Викторию так и подмывало сказать, «да ведь он же брат миссис Харрис»[21], но она сдержалась. Сама придумка ей очень нравилась. Она уже ясно представляла самого месье Лефаржа – изможденный, чахоточного вида молодой человек, темноволосый, с тонкими усиками. И когда Эдвард спросил, Виктория описала француза очень подробно и точно.
Они уже ехали по пригородам Багдада. Эдвард свернул на боковую улочку, застроенную современными виллами в псевдоевропейском стиле, с балконами и садами. Перед одним домом стоял большой автомобиль для дальних поездок. Эдвард припарковался рядом, и они с Викторией вышли и поднялись по ступенькам к передней двери. Их встречала смуглая сухощавая женщина, которой Эдвард быстро сказал что-то по-французски. Виктория поняла далеко не все, но речь, похоже, шла о молодой женщине и какой-то смене.
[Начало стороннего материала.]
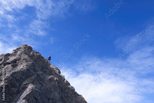 lone climber ascends steep rugged mountain face against clear blue sky
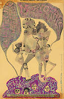 BG 118-1 - Moby Grape / The Hour Glass/ The United States of America / Country Joe and the Fish, May 2-4, 1968 (art by Mari Tepper), postcard, tape damage on top and bottom edges, $10
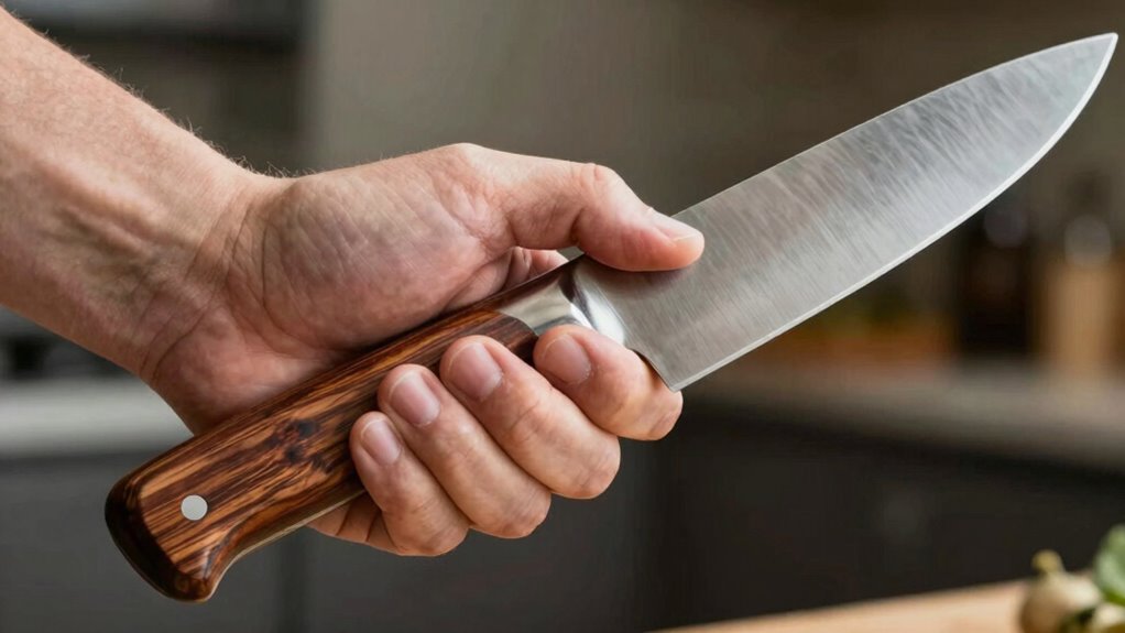 Choosing the right-sized knife is essential for both safety and efficiency in the kitchen. When you’re selecting a knife, one of the most important factors to contemplate is how well it fits your hand. A knife that’s too large can make chopping and slicing feel awkward, increasing the risk of slips and injuries. Conversely, a well-sized knife allows you to maintain control and work comfortably for longer periods. To determine if a knife is too big for you, start by examining your knife grip. If your grip feels strained or your hand cramps after a few minutes, it’s a sign the knife might be oversized. Your grip should be firm but relaxed, with your fingers wrapped comfortably around the handle. If your hand feels stretched out or you’re squeezing tightly just to hold the knife, it indicates a mismatch in hand size compatibility.
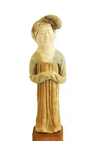 堕马髻,东汉桓帝时期,外戚梁冀的妻子发明的一种发型,这种发型在西域也很流行,梳头方法是将头发在头顶梳成一个似坠非坠,偏向一侧的大髻,形成一种不稳定的动态感,因为看上去像从马上刚刚摔下来,所以叫堕马髻,后经历代传承,不断演变,至在唐天宝年间又开始流行。阿斯塔那336号墓出土的一尊女立俑,梳的就是这种发型。
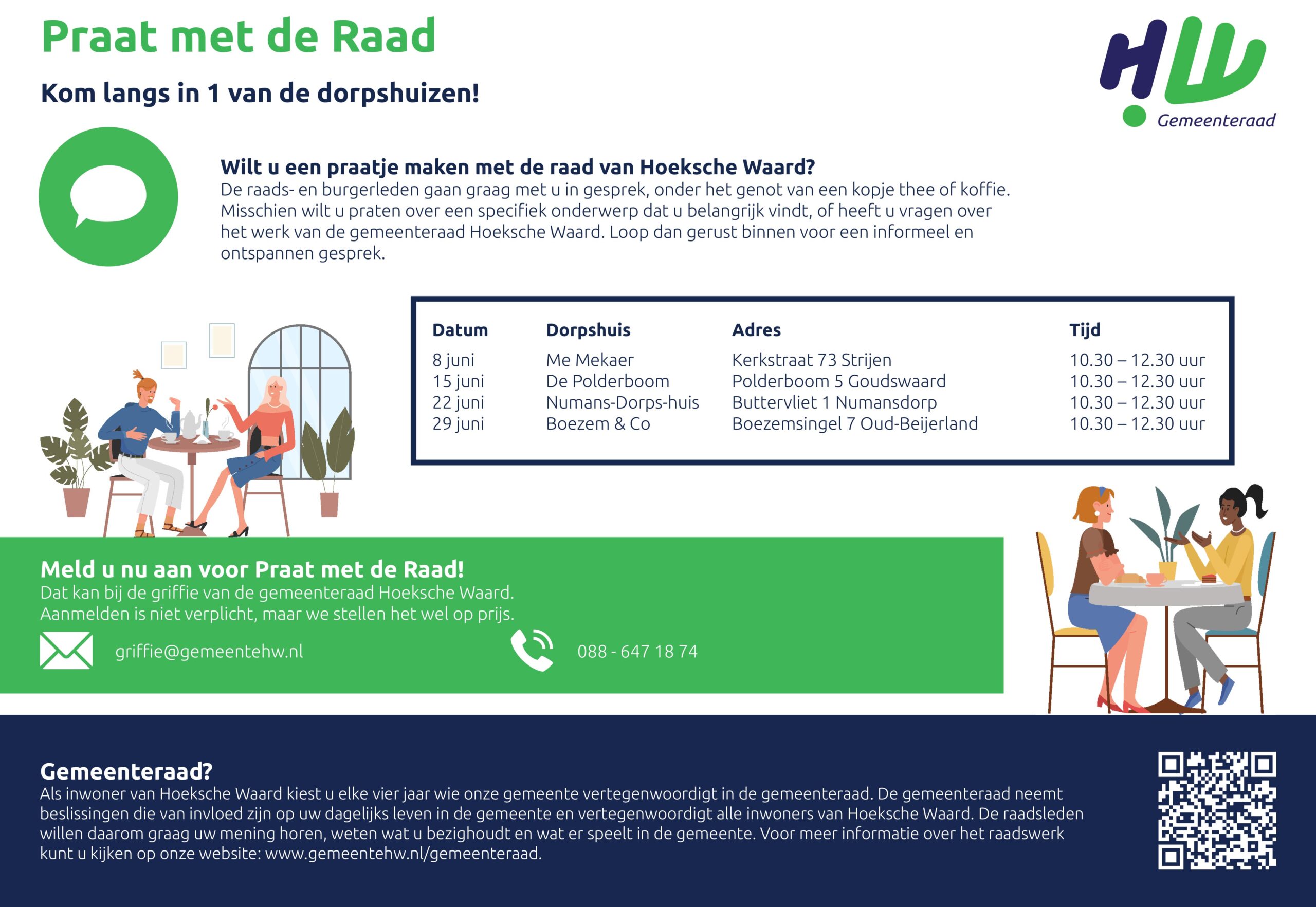 Wilt u een praatje maken met de raad van Hoeksche Waard? De raads- en burgerleden gaan graag met u in gesprek, onder het genot van een kopje thee of koffie. Misschien wilt u praten over een specifiek onderwerp dat u belangrijk vindt, of heeft u vragen over het werk van de gemeenteraad Hoeksche Waard. Loop dan gerust binnen voor een informeel en ontspannen gesprek.
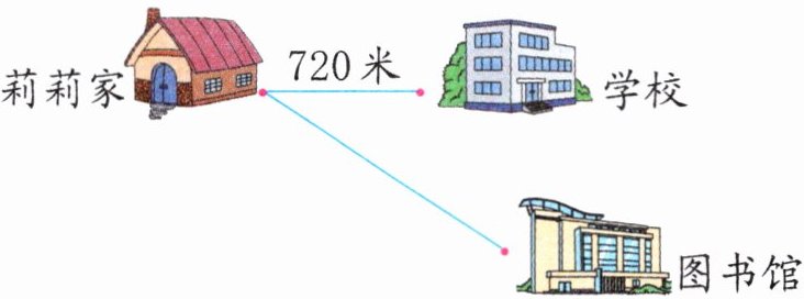 (1) 若莉莉从家骑车到图书馆用了14分钟,则莉莉家到图书馆的路程是多少米?
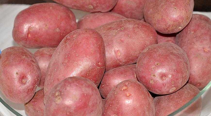 - картофелины овальные, весят 78-122 г, красного цвета с мелкими глазками;

Женщина повернулась к ней и вежливо сказала по-французски:
– Идемте со мной, пожалуйста.
Она провела Викторию в спальню, где на кровати лежало монашеское одеяние, и кивнула. Виктория разделась и натянула на себя сначала суровую шерстяную рубашку, а потом – просторную, со средневековыми складками, рясу из плотного темного материала. Француженка приладила ей на голову монашеский повой. Виктория взглянула на свое отражение в зеркале. Ее маленькое бледное лицо под высоким платком с белыми складками под подбородком выглядело необыкновенно чистым. Француженка надела ей на шею деревянные четки. Шаркая по полу грубыми, не по размеру большими ботинками, Виктория вышла к Эдварду.
– Хорошо выглядишь, – одобрительно сказал он. – Главное, не поднимай глаз. Особенно когда рядом мужчины.
Через пару минут к ним присоединилась и облаченная схожим образом француженка. Обе «монахини» вышли из дому и забрались в автомобиль, за рулем которого уже сидел высокий смуглый мужчина в европейском костюме.
– Теперь дело за тобой, Виктория, – сказал Эдвард. – Делай в точности то, что тебе скажут. – В тоне его голоса проскользнули стальные нотки угрозы.
– А ты разве не едешь? – жалобно спросила она.
Эдвард улыбнулся.
– Мы увидимся через три дня, – сказал он и, понизив голос, в своей привычной, доверительной манере добавил: – Не подведи меня, дорогая. Только ты можешь это сделать. Я люблю тебя. Не смею целовать монахиню прилюдно – но хотелось бы.